A: Untreated acute UC at disease onset showed increases in CB₂, DAGLα and MAGL immunoreactivity, and decreases in NAPE-PLD immunostaining. After achieving remission (quiescence), CB₁ and CB₂ receptor immunoreactivity dropped, MAGL immunostaining maintained the same levels than acute group and NAPE-PLD immunoreactivity reverted to control levels. B: CB₂/CB₁ ratio increased in both groups. However, CB₂ immunoreactivity increased in acute patients, while in quiescent patients there was a decrease of CB₁ receptor and a reverted restoration of CB₂ level. NAPE-PLD/FAAH ratio dropped in acute group, but rose to control levels in quiescent one. Histograms represent the mean±SEM. U Mann Witney and Wilcoxon tests: *P<0.05, **P<0.01 and ***P<0.001 versus control group; #P<0.05 and ##P<0.01 versus acute group. N = 22, 24 and 24 for control, acute and quiescent groups respectively.

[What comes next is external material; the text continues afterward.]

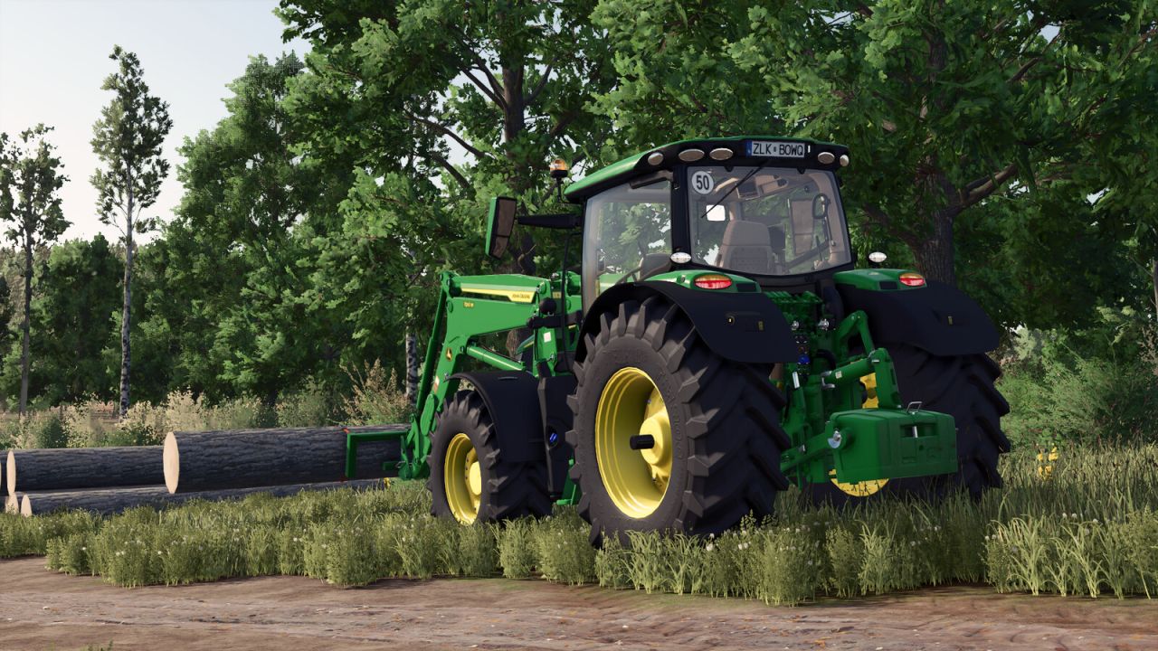 Dank seiner zwei robusten Gurte lassen sich Baumstämme leicht greifen und transportieren.

Figure 6. Percentage of immunoreactive immune cells for ECS components in the lamina propria.

Untreated acute UC at disease onset is associated with high number of FAAH+ and MAGL+ immune cells that was significantly diminished after treatment only in FAAH immunoreactivity. Histograms represent the mean±SEM. U Mann Witney and Wilcoxon tests: ***P<0.001 versus control group; ###P<0.001 versus acute group. N = 22, 24 and 24 for control, acute and quiescent groups respectively.

Figure 7. Quantification of epithelial ECS immunoreactivity depending on the UC severity score.

Main changes were observed mainly in mild and moderate acute UC. Histograms represent the mean±SEM. U Mann Witney and Wilcoxon tests: *P<0.05, **P<0.01 and ***P<0.001 versus control group; #P<0.05 versus acute group. N = 6, 13 and 5 for mild, moderate and severe groups respectively.

Figure 8. Quantification of epithelial ECS immunoreactivity depending on the treatment received.

As a relevant finding, treatment is associated with changes in the expression of cannabinoid receptors and EC-production and -degradation enzymes, suggesting that these proteins can be considered as biomarkers of active disease/response to treatment. Histograms represent the mean±SEM. U Mann Witney and Wilcoxon tests: *P<0.05 and **P<0.01 versus control group; #P<0.05 versus acute group. N = 3, 15 and 6 for 5-ASA, 5-ASA+corticosteroids and 5-ASA+corticosteroids+immunomodulators respectively.